For the 2007 Auckland Triennial, the Long March - Chinatown will be brought to Auckland in a collaborative project with artists Kah Bee Chow and Daniel Malone entitled No Chinatown. The project takes a public minded approach by utilising public spaces not just as exhibitions sites, but also involving the contributions of many other individuals, communities and collectives as a vital part of the work. The metaphor of 'Chinatown' will be used to engage with the Triennial's curatorial theme of turbulence, and the subsequent dynamics of immigration, tourism and cultural diaspora raised in the process of globalisation. Within this framework Chinatown serves not as an illustration of identity politics or post colonial discourse, but rather, as a metaphorical site to explore general notions of performed and constructed identity, as well as focusing on the local context of Auckland, a city, which has been deemed a 'high-immigration' city.

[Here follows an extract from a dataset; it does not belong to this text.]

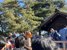船橋大神宮(船橋市宮本5)で毎年恒例の「節分祭」が行われた。豆まきでは松戸徹船橋市長や氏子、年男・年女が豆まきに参加し、多くの参拝者が神楽殿の周りに集まった。

No Chinatownwn will engage with the ambivalent social atmosphere, at times ambiguously, at times provocatively, around the relationship between Auckland and its Chinatown(s). Should Auckland have a Chinatown? Does Auckland in fact already have Chinatown(s)? What indeed constitutes a Chinatown or any (self) determined cultural identification with place? No Chinatown will raise these questions and the discursive space for any number of simultaneous answers, sometimes contradictory, acting as a catalyst to precipitate the emotional state of Auckland; at times lamenting a lack, or proposing an action, at others giving voice to confusion or resisting over-determination. It will engage in the Triennial's broad discourse around multiculturalism, as well as the unique context of Aotearoa New Zealand's bicultural geo-politic and the notion of Maori as Tangata Whenua (people of the land).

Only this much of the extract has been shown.